▽

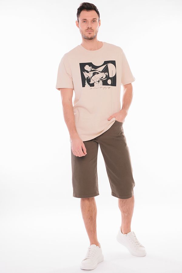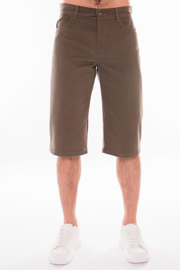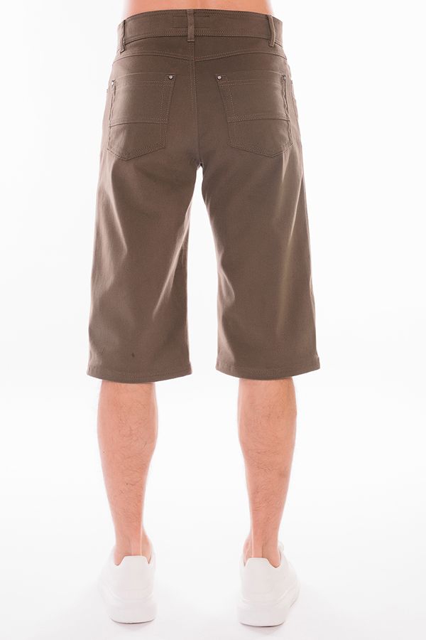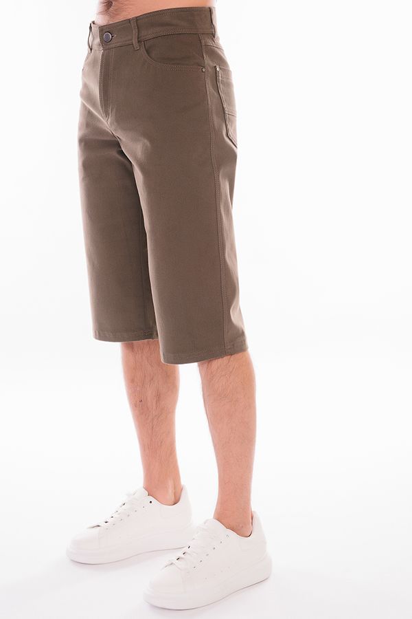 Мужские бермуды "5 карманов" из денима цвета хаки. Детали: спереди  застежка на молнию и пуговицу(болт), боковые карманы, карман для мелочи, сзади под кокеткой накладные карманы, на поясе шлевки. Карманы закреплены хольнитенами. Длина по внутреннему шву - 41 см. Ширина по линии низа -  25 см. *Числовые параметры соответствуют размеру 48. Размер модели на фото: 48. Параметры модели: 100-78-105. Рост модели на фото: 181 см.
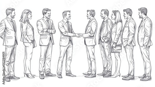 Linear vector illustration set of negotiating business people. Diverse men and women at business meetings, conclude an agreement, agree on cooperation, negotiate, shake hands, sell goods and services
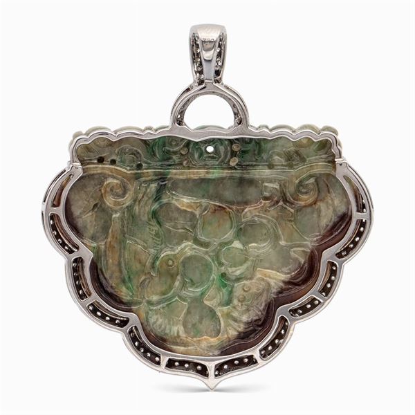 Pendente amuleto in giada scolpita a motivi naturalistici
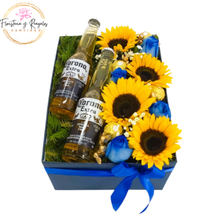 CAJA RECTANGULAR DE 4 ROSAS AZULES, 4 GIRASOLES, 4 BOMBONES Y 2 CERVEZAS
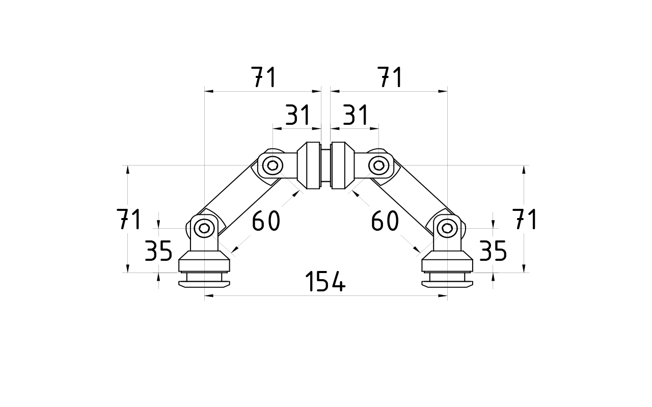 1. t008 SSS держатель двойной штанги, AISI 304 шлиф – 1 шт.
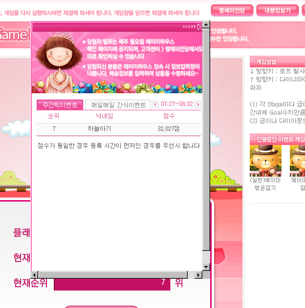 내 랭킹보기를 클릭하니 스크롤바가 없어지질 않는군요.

△

GOAL OF THE EXERCISE
All the lines above must be written out exactly, without a single picture.

RESULT OF THE TASK
 Мужские бермуды "5 карманов" из денима цвета хаки. Детали: спереди  застежка на молнию и пуговицу(болт), боковые карманы, карман для мелочи, сзади под кокеткой накладные карманы, на поясе шлевки. Карманы закреплены хольнитенами. Длина по внутреннему шву - 41 см. Ширина по линии низа -  25 см. *Числовые параметры соответствуют размеру 48. Размер модели на фото: 48. Параметры модели: 100-78-105. Рост модели на фото: 181 см.
 Linear vector illustration set of negotiating business people. Diverse men and women at business meetings, conclude an agreement, agree on cooperation, negotiate, shake hands, sell goods and services
 Pendente amuleto in giada scolpita a motivi naturalistici
 CAJA RECTANGULAR DE 4 ROSAS AZULES, 4 GIRASOLES, 4 BOMBONES Y 2 CERVEZAS
 1. t008 SSS держатель двойной штанги, AISI 304 шлиф – 1 шт.
 내 랭킹보기를 클릭하니 스크롤바가 없어지질 않는군요.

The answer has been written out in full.